- _WHAT TO WORK ON_:
In the entries that follow, find the line containing "Ce buffet 3" and the line containing "Gerne telefonisch melden.", then copy exactly everything from the first through the second except the pictures.

- _RECORDS FOR THIS TASK_:

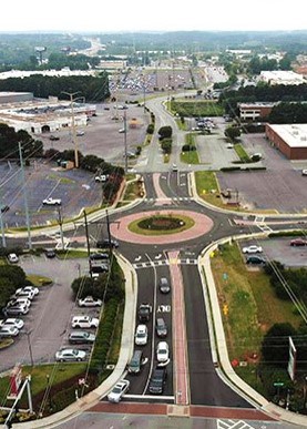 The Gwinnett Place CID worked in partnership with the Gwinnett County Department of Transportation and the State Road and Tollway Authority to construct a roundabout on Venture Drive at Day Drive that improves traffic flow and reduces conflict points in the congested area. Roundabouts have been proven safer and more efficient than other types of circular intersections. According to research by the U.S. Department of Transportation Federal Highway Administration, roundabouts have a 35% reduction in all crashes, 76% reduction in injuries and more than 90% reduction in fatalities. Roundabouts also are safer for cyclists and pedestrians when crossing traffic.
...
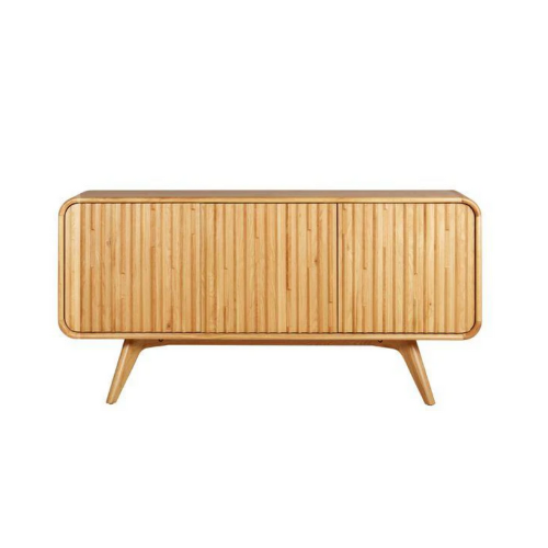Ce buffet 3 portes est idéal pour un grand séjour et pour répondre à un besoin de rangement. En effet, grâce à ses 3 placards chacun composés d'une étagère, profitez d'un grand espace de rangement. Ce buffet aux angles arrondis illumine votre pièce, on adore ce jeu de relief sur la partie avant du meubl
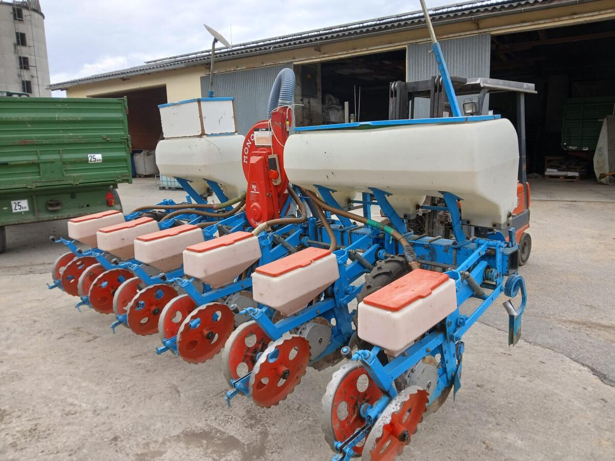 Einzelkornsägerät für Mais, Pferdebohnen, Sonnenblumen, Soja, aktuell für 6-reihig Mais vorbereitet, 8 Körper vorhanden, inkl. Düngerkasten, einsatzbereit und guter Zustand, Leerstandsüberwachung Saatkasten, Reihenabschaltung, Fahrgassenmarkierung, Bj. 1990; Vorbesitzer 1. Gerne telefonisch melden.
--
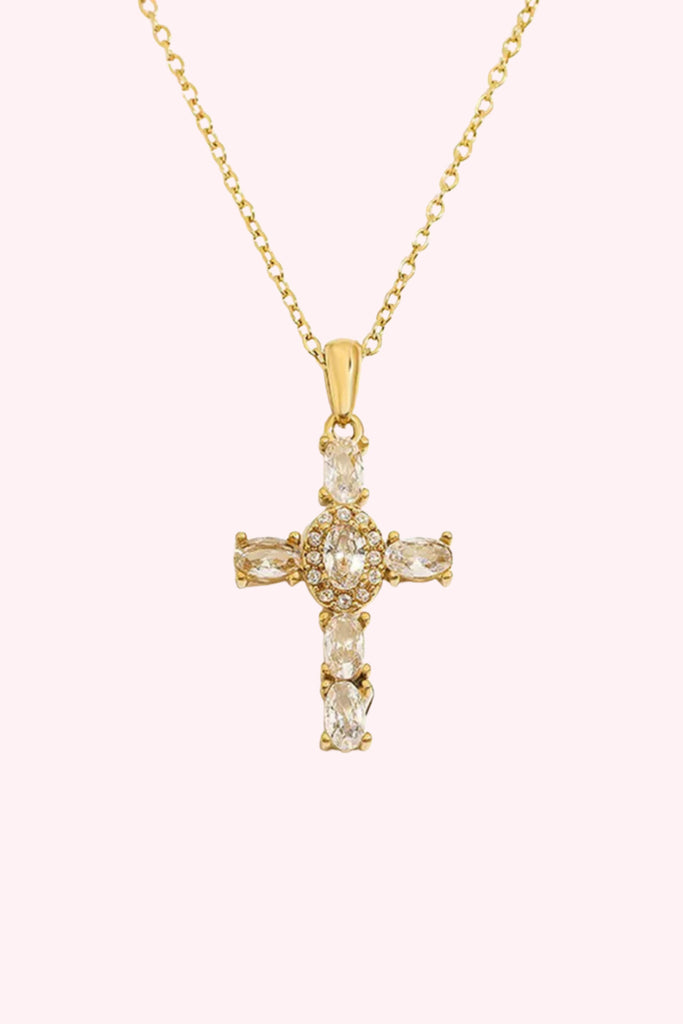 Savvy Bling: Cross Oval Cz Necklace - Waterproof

- _TASK OUTPUT_:
Ce buffet 3 portes est idéal pour un grand séjour et pour répondre à un besoin de rangement. En effet, grâce à ses 3 placards chacun composés d'une étagère, profitez d'un grand espace de rangement. Ce buffet aux angles arrondis illumine votre pièce, on adore ce jeu de relief sur la partie avant du meubl
 Einzelkornsägerät für Mais, Pferdebohnen, Sonnenblumen, Soja, aktuell für 6-reihig Mais vorbereitet, 8 Körper vorhanden, inkl. Düngerkasten, einsatzbereit und guter Zustand, Leerstandsüberwachung Saatkasten, Reihenabschaltung, Fahrgassenmarkierung, Bj. 1990; Vorbesitzer 1. Gerne telefonisch melden.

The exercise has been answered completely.